# Am I selfish to keep Charlie in...



## Heidi36oh (Feb 27, 2007)

this condition, the last two day's he's been throwing up and having bloody stool's. The blood even drips out when he's in the house. 
He was crying like a baby earlyer, he's in pain. I gave him some Metacam and now he's sleeping.
Gosh I hate this but I think I need to let him go, am I just holding onto him for to long, the crying today was heart breaking, no one could get him to stop.
If he's not improved in the morning I think I have to take him in!


----------



## hgatesy (Feb 14, 2007)

Goodness.... what a hard decision. I know it's hard letting them go, however if he's in pain and suffering it is probably time. Thinking of you during this difficult time!!


----------



## fostermom (Sep 6, 2007)

I am so sorry. Take him in and ask the vet why he is crying. Are his stools black or red? How often is he throwing up? It just seems that he is so healthy weight wise that it's hard to think that he might have something that wrong with him. But then again, my Tess was 80 lbs when I had to put her to sleep because of her cancer. Either way, I am sorry you are having to go through this.


----------



## lalala (May 3, 2008)

Claudia...i am so sorry. It breaks my heart to hear Charlie is in pain. Sending thoughts and prayers your way. I know you are in pain too...


----------



## Jo Ellen (Feb 25, 2007)

Listen to your heart. 

Charlie's been around here as long as I have but he's been with you far longer. I'm sad for you. It helps to know how much he has been loved. It's so very clear in all of your posts and pictures of him, I'm certain it's clear to him too :heartbeat


----------



## mygarnetboy (Nov 3, 2008)

I'm so sorry. Is he eating? I knew when my beagle turned down his food, liver treats, & people food that it was time. I took him into the vet for a second opinion and the vet took one look at him and confirmed my fears.

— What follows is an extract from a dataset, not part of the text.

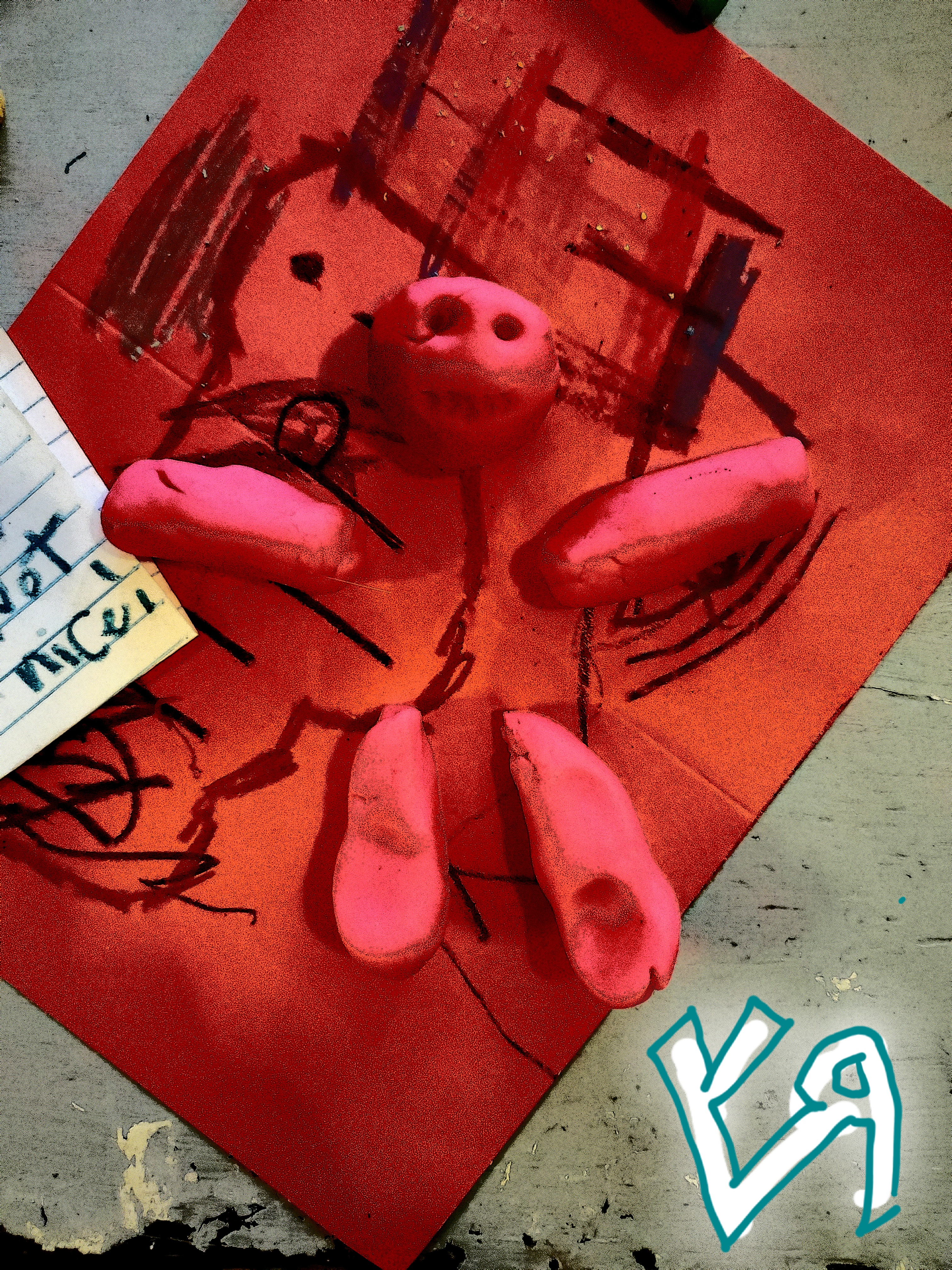[Sculpting dough, ink, crayon, paper collage, with digital embellishments and color.] The granddaughter, Felicity, and I have made many different works of art. Sometimes, we bring many mediums together to create a MASH-UP! This poor creature, being assembled from parts, doesn't appear to have a torso (yet!) (Actually, this is as "finished" as the creature got, so...that's it!) ---Richard F. Yates (Holy Fool) & Felicity Echo Hanson (Toddler Terror)

I'm so sorry you're going through this...it just sucks.


----------



## Heidi36oh (Feb 27, 2007)

fostermom said:


> I am so sorry. Take him in and ask the vet why he is crying. Are his stools black or red? How often is he throwing up? It just seems that he is so healthy weight wise that it's hard to think that he might have something that wrong with him. But then again, my Tess was 80 lbs when I had to put her to sleep because of her cancer. Either way, I am sorry you are having to go through this.


He was diagnosed with Mast Cell Tumors back in April, his stool is red and it's actually dripping out, he can't help it. He throws up after eating mostly.
The vet already told me the signs to watch for and he's got pretty much all of them.


----------



## Heidi36oh (Feb 27, 2007)

Jo Ellen said:


> Listen to your heart.
> 
> Charlie's been around here as long as I have but he's been with you far longer. I'm sad for you. It helps to know how much he has been loved. It's so very clear in all of your posts and pictures of him, I'm certain it's clear to him too :heartbeat


Thanks Jo Ellen, I know what I have to do, it's just so hard!


----------



## Jo Ellen (Feb 25, 2007)

Do you need to talk? A few of us could come into chat?

I feel so helpless, and I know how you must be feeling.


----------



## Nanika (Jan 10, 2008)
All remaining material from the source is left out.